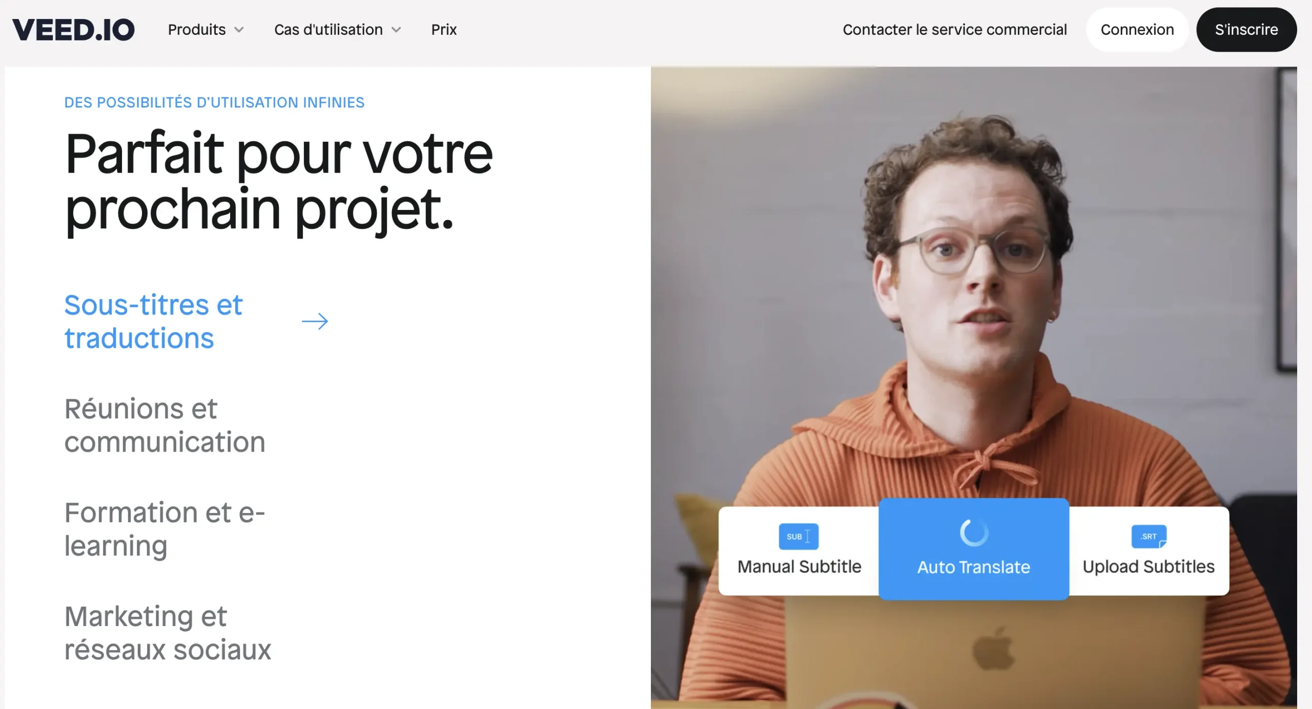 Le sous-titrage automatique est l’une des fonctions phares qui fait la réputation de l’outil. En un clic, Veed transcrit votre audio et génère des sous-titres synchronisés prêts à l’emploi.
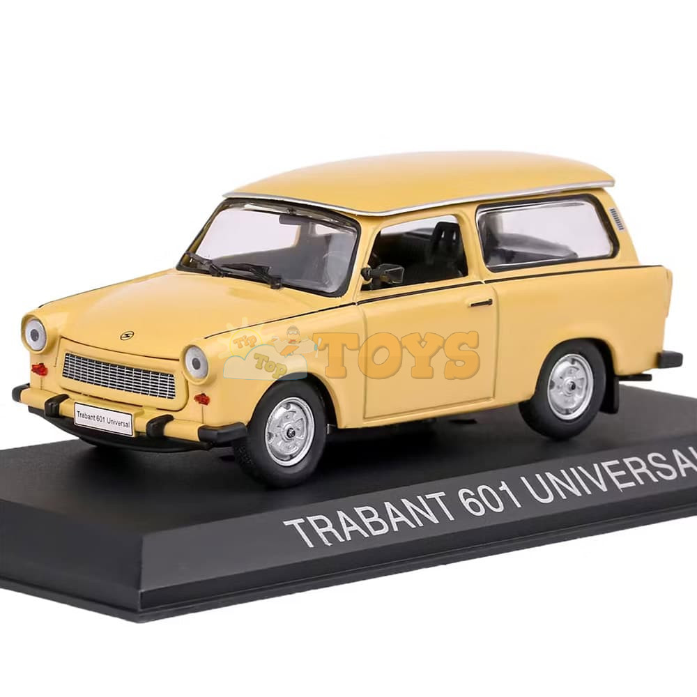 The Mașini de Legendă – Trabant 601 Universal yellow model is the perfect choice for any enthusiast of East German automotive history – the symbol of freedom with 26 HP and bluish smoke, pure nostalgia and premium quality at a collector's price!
○ ○ ○ ○
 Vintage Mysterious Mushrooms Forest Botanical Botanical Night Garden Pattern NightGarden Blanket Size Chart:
○ ○ ○ ○
#### Problem to work on:
Copy exactly the material above from the line with "Le sous-titrage automatique" to the line with "The Mașini de", ends included, and nothing else. Leave out any picture.

#### Solved exercise:
 Le sous-titrage automatique est l’une des fonctions phares qui fait la réputation de l’outil. En un clic, Veed transcrit votre audio et génère des sous-titres synchronisés prêts à l’emploi.
 The Mașini de Legendă – Trabant 601 Universal yellow model is the perfect choice for any enthusiast of East German automotive history – the symbol of freedom with 26 HP and bluish smoke, pure nostalgia and premium quality at a collector's price!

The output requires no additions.